Single-sided deafness is a condition in which you are completely unable to hear out of one of your ears, or your level of hearing loss in one ear is so severe that no amplifying or assisted-hearing device can provide any relief.
It is a condition that affects nearly 60,000 people in the United States every year. While getting used to hearing out of one ear can take a significant adjustment, there are ways to make living with single-sided deafness a little more comfortable.
Let Other Know About Your Single Sided Deafness
Refrain from hiding the fact that you are unable to hear out of one ear. People are able to offer assistance only if they are unaware that you are having difficulty. When informing family members or friends, you can simply tell them. However, for people you do not know, the ideal time to inform them might be when you are meeting them for the first time, during introductions. It is a simple way to relay the information and eliminate any awkwardness in the future if you have to ask them to repeat what they have said.
Specify Your Needs
Be as clear as possible when you have to tell others how they may be able to help you hear better. For example, asking them to sit on your left or right side or look at you directly when speaking leave no room for uncertainty. Because single-sided hearing loss is not visible, it may be easy for those not close to you to forget that you are unable to hear in one ear, so be prepared to remind them how they can help gently.

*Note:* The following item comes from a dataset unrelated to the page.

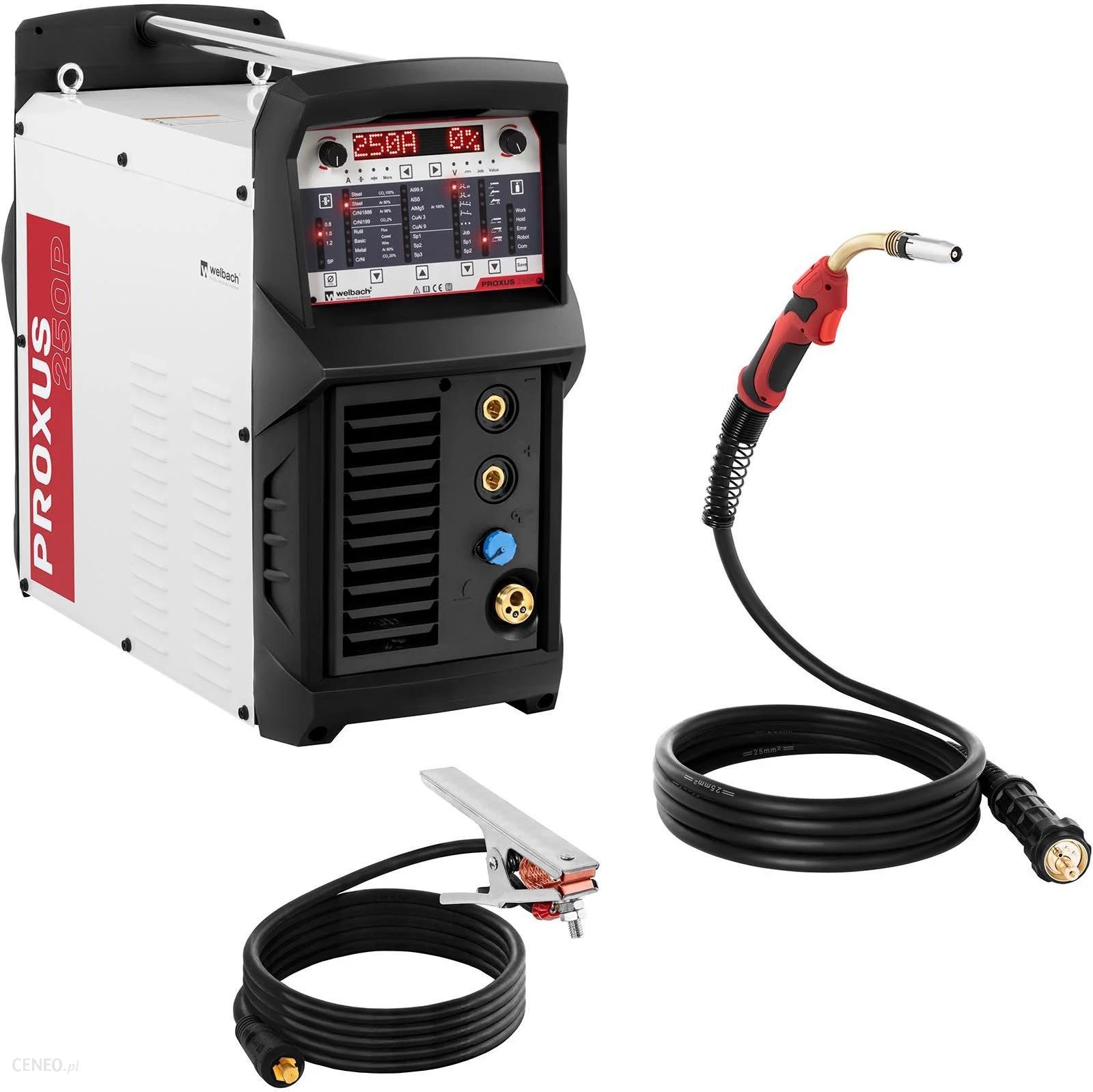 Najważniejsze cechy produktuMIG / MAG / MMA / FCAW / TIG LiftarcPrąd spawania 270 ASynergic PulsDrut o średnicy 0,6-1,2 mmHot Start / Anti-StickSpecyfikacja techniczna:Model – PROXUS 250PNr katalogowy – 10021242Stan artykułu – NowyNapięcie – 230 VMateriał obudowy – Stal Q235ADługość przewodu zasilającego – 2,5 mChłodzenie uchwytu – Chłodzenie gazemChłodzenie obudowy – Chłodzenie powietrzemMoc wyjściowa znamionowa – MIG: 6 kVA MMA: 7,1 kVAKlasa izolacji – FStopień ochrony – IP21Maksymalny prąd wejściowy – MIG: 54,3 A MMA: 60,9 AMaksymalna moc wejściowa – MIG: 12,5 kVA MMA: 14 kVAZnamionowy prąd wejściowy – MIG: 32,1 A MMA: 36 APrąd spawania przy cyklu pracy 100% – 160 ANapięcie biegu jałowego – 50 VWspółczynnik mocy – 0,7Zgodność z normami – EN60974-1Minimalny prąd spawania – MIG: 17 A MMA: 10 ADługość przewodu uziemiającego – 3 mDługość przewodu MMA – 3 mCykl pracy dla 40°C – 35%Maksymalny prąd spawania – MIG: 270 A MMA: 270 AMaksymalna średnica szpuli z drutem spawalniczym – 300 mmŚrednica drutu spawalniczego – 0,6 mm 0,8 mm 1 mm 1,2 mmWydajność – 85%Prędkość wysuwania drutu – 0,8 mm: 2-22 m/min 1 mm: 1,4-18,5 m/min 1,2 mm: 1,4-10,7 m/min2T / 4T – TakAnti Stick – TakARC-Force – NieChłodzenie wodą – NieDrut Flux – TakFunkcja MMA – TakHot Start – TakPodajnik drutu – TakElektrozawór gazu – TakDługość przewodu MIG/MAG – 3 mInstrukcja obsługi – TakWymiary (DxSxW) – 65 x 37 x 56 cmWaga – 37 kgKluczowe informacjeWydajność – prąd spawania 270 A dla MIG i MMA oraz 100% cykl pracy przy 160 ANowoczesność – zastosowanie technologii IGBT oraz możliwość wyboru trybu 2T i 4TCyfrowa obsługa – funkcja „Synergic Puls” zapewnia optymalne i automatyczne regulowanie parametrów spawaniaElastyczność – szpula drutu o średnicy 300 mm dla drutów 0,6-1,2 mmPrecyzja – spawanie elektrodą z funkcją Hot Start i Anti-StickSpawarka MIG/MAG 230 V welbachSpawarka MIG/MAG marki welbach to idealne urządzenie do łączenia metalowych elementów. Dzięki temu sprawdzi się w fabrykach, warsztatach, pracowniach, na liniach produkcyjnych czy budowach. Metoda spawania MIG/MAG zastosowana w modelu PROXUS 250P przeznaczona jest do spajania magnezu, miedzi i innych nieżelaznych metali oraz ich stopów.Spawarka inwertorowa MIG/MAG PROXUS 250P – opisWysoka wydajność to zasługa maksymalnego prądu spawania o wartości 270 A dla metody MIG/MAG. Wpływ na doskonałe efekty łączenia ma również cykl pracy 35%. Maszyna zasilana jest prądem o napięciu 230 V, co przekłada się na jej szerokie zastosowanie.Nowoczesna technologia IGBT sprawia, że spawarka MIG/MAG cechuje się lepszą efektywnością niż inne urządzenia. Sterowanie tranzystorami polowymi przebiega sprawniej, a napięcie przebicia jest większe. Poprawiona została też odporność sprzętu na zwarcia. Zastosowanie technologii inwertorowej przekłada się również na mniejszy rozmiar modelu PROXUS 250P.Funkcja 2T/4T znacząco ułatwia pracę. Tryb 2T pozwala spawać przez naciśnięcie i przytrzymanie włącznika na uchwycie spawalniczym. Idealnie sprawdza się on do wykonywanie punktowych spoin. Z kolei 4T polega na krótkim wciśnięciu włącznika, który rozpoczyna spawanie. Aby je zakończy, należy ponownie nacisnąć przycisk. Pozwoli to wygodnie wykonać długie połączenia.Zapłon Lift TIG, w który wyposażono spawarkę MIG/MAG polega na lekkim i szybkim zetknięciu się elektrody wolframowej z metalem, a następnie podniesieniu jej, aby podtrzymać łuk elektryczny. Tworzy się niewiele zanieczyszczeń, a wolfram pozostaje ostry. Do zalet tego rodzaju zapłonu należą:Synergiczna regulacja oznacza, że wystarczy ustawić jeden parametr (np. moc lub grubość materiału), aby pozostałe (prędkość podawania drutu lub prąd) automatycznie się dopasowały. Ponadto w komputerze urządzenia zapisano konfiguracje dla funkcji PULSE zapewniające najlepsze efekty pracy.Inwertortorowa spawarka MIG/MAG marki welbach daje wiele możliwości w łączeniu metalowych elementów. Doskonała wydajność, nowoczesna technologia oraz precyzyjna regulacja pozwolą tworzyć czyste, a zarazem trwałe spoiny. Nie czekaj i złóż zamówienie na model PROXUS 250P już dziś!FunkcjeIGBT – tranzystor bipolarny z izolowaną bramką (Insulated Gate Bipolar Transistor) jest elementem półprzewodnikowym, którego coraz częściej używa się w energoelektronice. Łączy zalety dwóch typów tranzystorów: łatwość sterowania tranzystorów polowych i wysokie napięcie przebicia oraz szybkość przełączania tranzystorów bipolarnych. Zaletę stanowi również odporność na zwarcia, ponieważ IGBT ogranicza przepływ prądu. IGBT są nowszą kontynuacją technologii MOSFET. CERTYFIKAT CE – urządzenia STAMOS zostały wykonane według surowych norm europejskich oraz przeszły badania pod kątem zgodności z CE oraz RoHS. Gwarantuje to długą żywotność oraz wysoką jakość urządzenia. UZIEMIENIE – z tyłu każdego urządzenia znajduje się śruba z oznaczeniem uziemienia. Przed uruchomieniem należy uziemić je za pomocą przewodu, którego przekrój nie może być mniejszy niż 6 mm². PRZYŁĄCZE ZACISKU MASOWEGO PRZYŁĄCZE PRZEWODU SPAWALNICZEGO MMA PRZYŁĄCZE UCHWYTU TIG PRZYŁĄCZE UCHWYTU MIG / MAG PULS – funkcja pozwala zmniejszyć ilość dostarczanego ciepła do materiału. Idealnie nadaje się do spawania cienkich arkuszy blach. W przypadku spawania MIG doskonale sprawdza się przy obróbce aluminium. 2T – funkcja oznacza rozpoczęcie pracy po naciśnięciu przycisku na uchwycie i jej zatrzymanie po zwolnieniu przycisku na uchwycie. 4T – naciśnięcie przycisku na uchwycie otwiera elektrozawór, następuje wstępny wypływ gazu i dochodzi do zajarzenia łuku elektrycznego. Po zapłonie prąd ma wartość prądu początkowego. W momencie puszczenia przycisku, wartość prądu wyjścio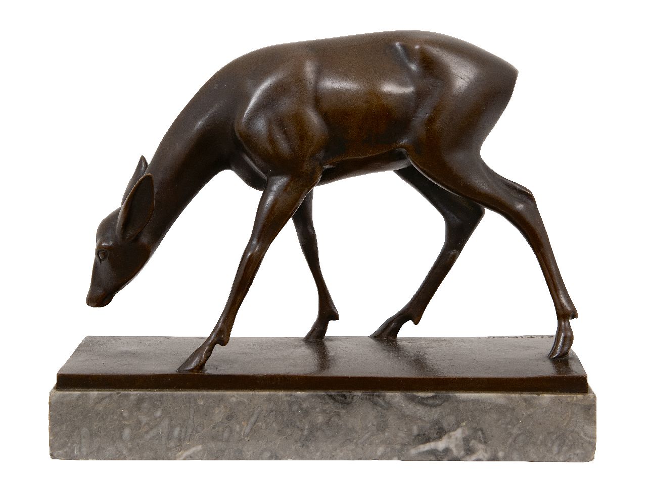 Fritz Paul Zimmer | Grazende ree, brons, 20,5 x 25,0 cm, gesigneerd l.o. op de basis

Use Non-Verbal When Speaking with Someone
Instead of verbally interrupting a conversation you may be having, you can indicate that you need someone to speak louder by cupping your hand behind your functioning ear. Leaning closer, without invading their personal space, is another way to demonstrate that you are having difficulty hearing them.
Be at Ease to Put Others at Ease
Demonstrating that you are comfortable talking about your hearing challenges can help relax others who may be uncertain how to act. If you are comfortable doing so, you can even encourage others to ask questions about your condition. If all else fails, try a little humor, which can overcome many social missteps and make others less hesitant to try again to have a conversation with you.
Interrupt in Moderation
If you have single-sided deafness, sometimes it is necessary to interrupt the conversation to ask for clarification, but it should be done in moderation. If you miss a few words in a social conversation, you may be able to gather what was meant after the speaker continues to speak for a few sentences. When you do ask for clarification, voice what you think you have heard so that the speaker will not have to repeat everything they said.
It is possible to live with single-sided deafness without reducing your quality of life. Getting yourself and others accustomed to the condition will require some patience and a willingness to be accommodating. If you need more advice for how to live with single-sided deafness, do not hesitate to speak with a hearing health specialist. They may also be able to fit you with a more permanent solution such as a hearing aid.